After finding "curved shower bath" in a line below, print that line and the rest of the lines exactly, leaving out all pictures.

(INPUT DATA)

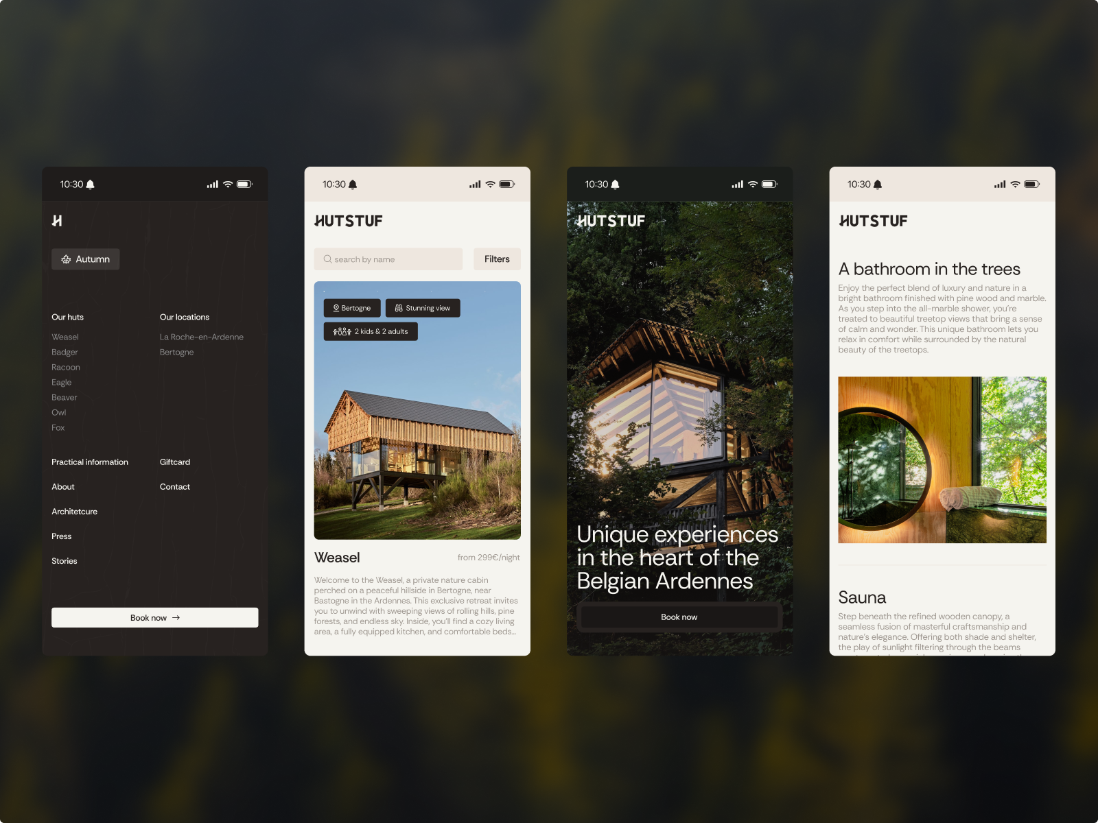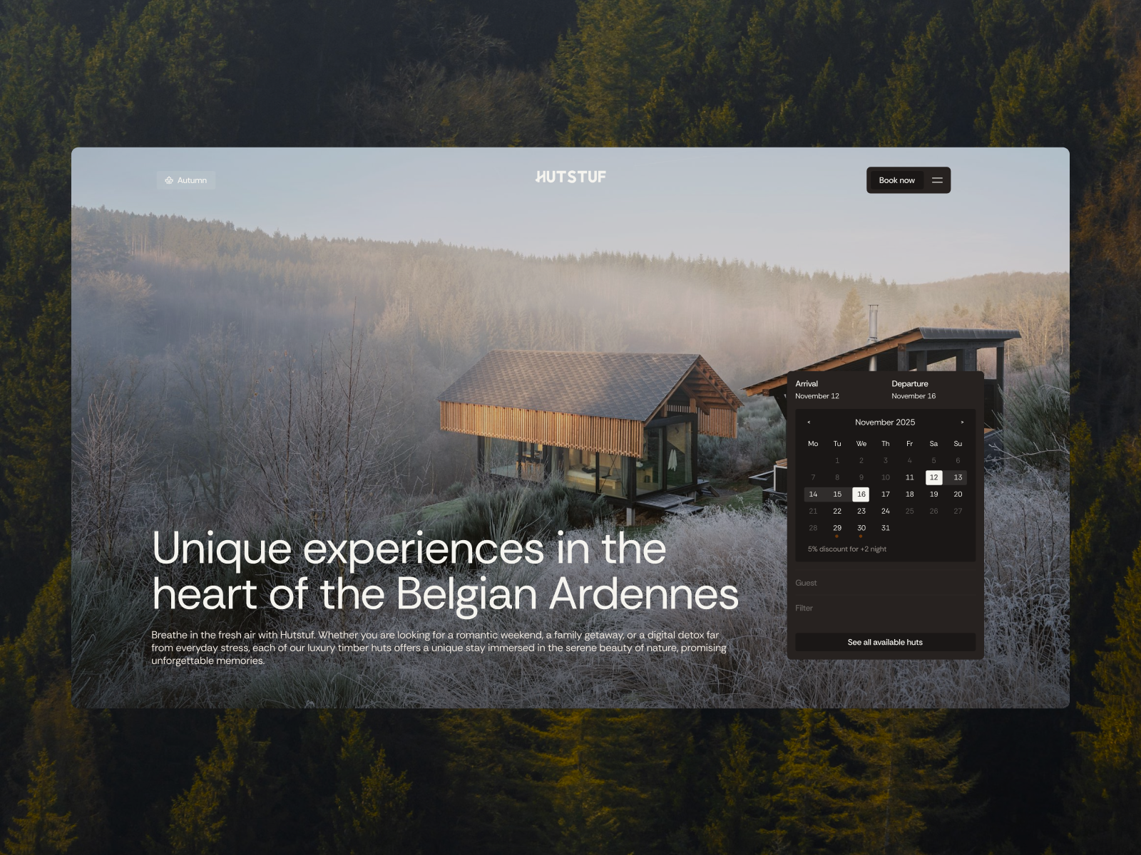 Hutstuf offers high-end, architect-designed cabins in the Belgian Ardennes. They blend sustainable luxury with nature, featuring minimalist timber designs and serene forest views.
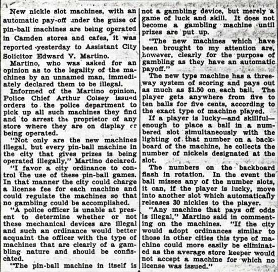 Hall Owners' Told Gaming Will Cost Permits Operators of pool and billiard-halls were warned yesterday by Commissioner Mary W. Kobus, director of public safety, that permanent revocation of licenses will be the penalty if gambling is permitted on the premises. Commissioner Kobus said she has been investigating reports that some poolroom licensees have been operating card games for large and small stakes in backrooms of their places. The investigation, the commissioner said, failed to disclose any large gambling enterprises but a few friendly card games for small stakes were revealed. "1 will issue an order to Chief Arthur Colsey and all district lieutenants and sergeants that a closer watch be kept on these so-called poolrooms," Mrs. Kobus said. "In days past the average neighborhood room was only a blind for professional card games where the participants played for large stakes. "Such licensed poolroom operators are amenable to the law, and if they are caught they will be charged as principals and their licenses will be permanently revoked. I will not accept the excuse of any proprietor that he doesn't know there is gambling in his place." 'Majority Law-Abiding' The Commissioner said she believes the majority of persons holding pool room licenses are law-abiding and that pool and billiards are played for recreation. It was disclosed by Mrs. Kobus that a former operator of a down town poolroom, whose place was raided as a gambling resort, has been exerting political pressure to obtain a renewal of his license. Mrs. Kobus would not disclose the identity of the man mentioned by her. "Any Camden citizen who wants a license to operate a poolroom where pool and billiards are to be played does not need to get the help of a politician or a lawyer," Mrs. Kobus added. "I am not running the department of public safety to satisfy the whims of any politicians or lawyers. No Lawyer Needed "Any respectable citizen can have a license. He doesn't have to pay a lawyer to help him get it, and neither does he have to depend on any politician. "The applicant who attempts to support his application either with a lawyer or a politician will find him self behind the eight ball." Commissioner Kobus said each applicant for such a license will be examined as to his fitness to operate such a place. Those who have any criminal record will be denied such permit, she said. "It might be a good thing if certain forms of gambling were legalized and revenue obtained for municipalities, the State or by the government," Mrs. Kobus stated. "But so long as the law specifically states that gambling is Illegal I intend to enforce the laws. I personally am opposed to all forms of organized or commercialized gambling. |
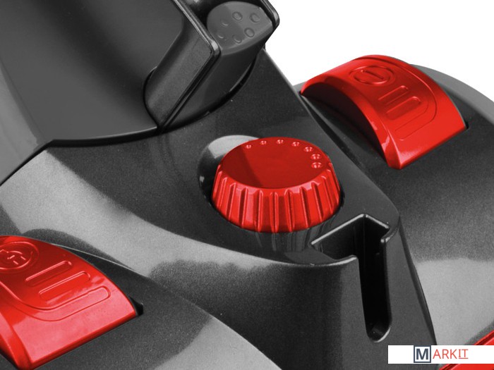 Место для «парковки» щётки, микропоролоновый выходной фильтр, фиксатор контейнера-пылесборника, контейнер-пылесборник, гибкий шланг, фиксатор регулировки длины телескопической трубки, переключатель «пол/ковёр», сепаратор, фиксатор нижней крышки, комбинированная щётка.
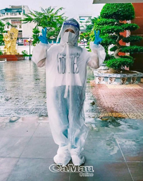 | Dù trong trang phục bảo hộ nóng bức và đối mặt với bao nhiêu khó khăn, nguy hiểm, Thượng uý Nguyễn Phương Thảo vẫn thể hiện tinh thần lạc quan, vui vẻ. (Nguồn: Facebook của Phương Thảo). |
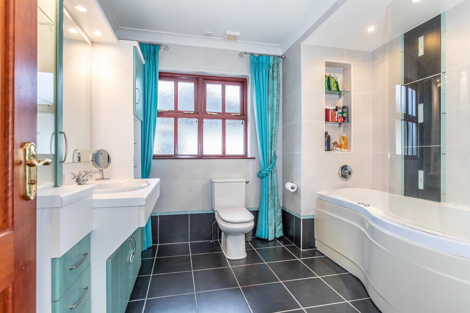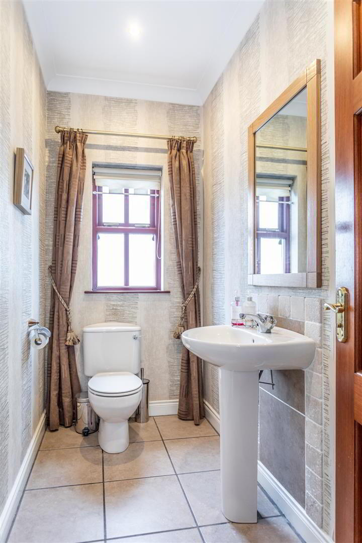 • First floor landing with access to hotpress / Corniced ceiling / Family bathroom with modern white suite to include curved shower bath
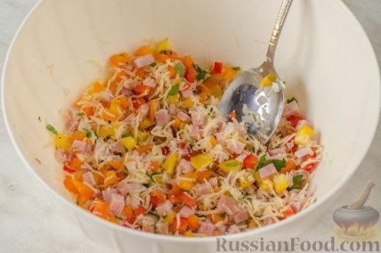 5 В миске соединяем измельчённые верхушки перцев, сыр, ветчину, лук и петрушку.
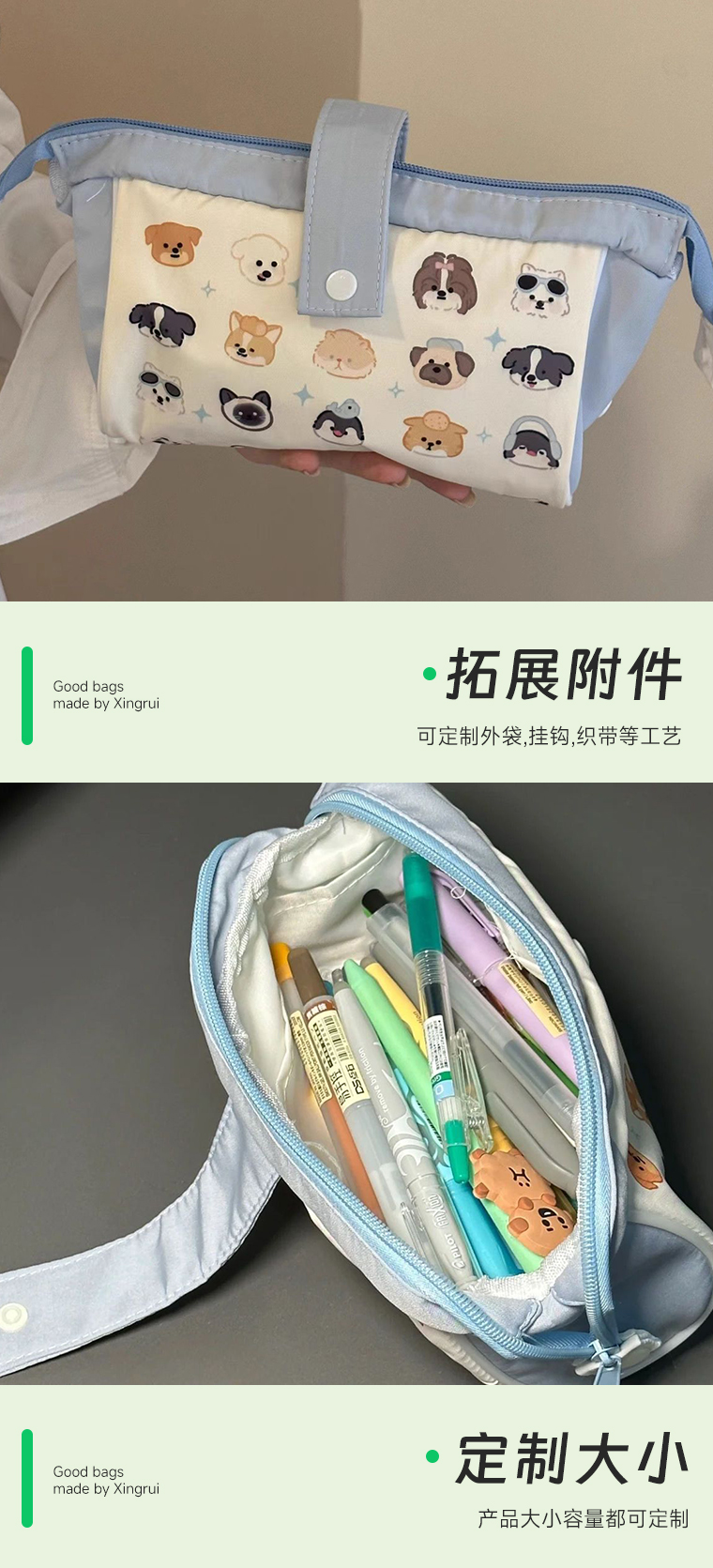 兴瑞笔袋收纳包定制LOGO数码印拉链闭合办公便携式大容量收纳袋

(End INPUT DATA)

▶ RESPONSE TO THE TASK:
 • First floor landing with access to hotpress / Corniced ceiling / Family bathroom with modern white suite to include curved shower bath
 5 В миске соединяем измельчённые верхушки перцев, сыр, ветчину, лук и петрушку.
 兴瑞笔袋收纳包定制LOGO数码印拉链闭合办公便携式大容量收纳袋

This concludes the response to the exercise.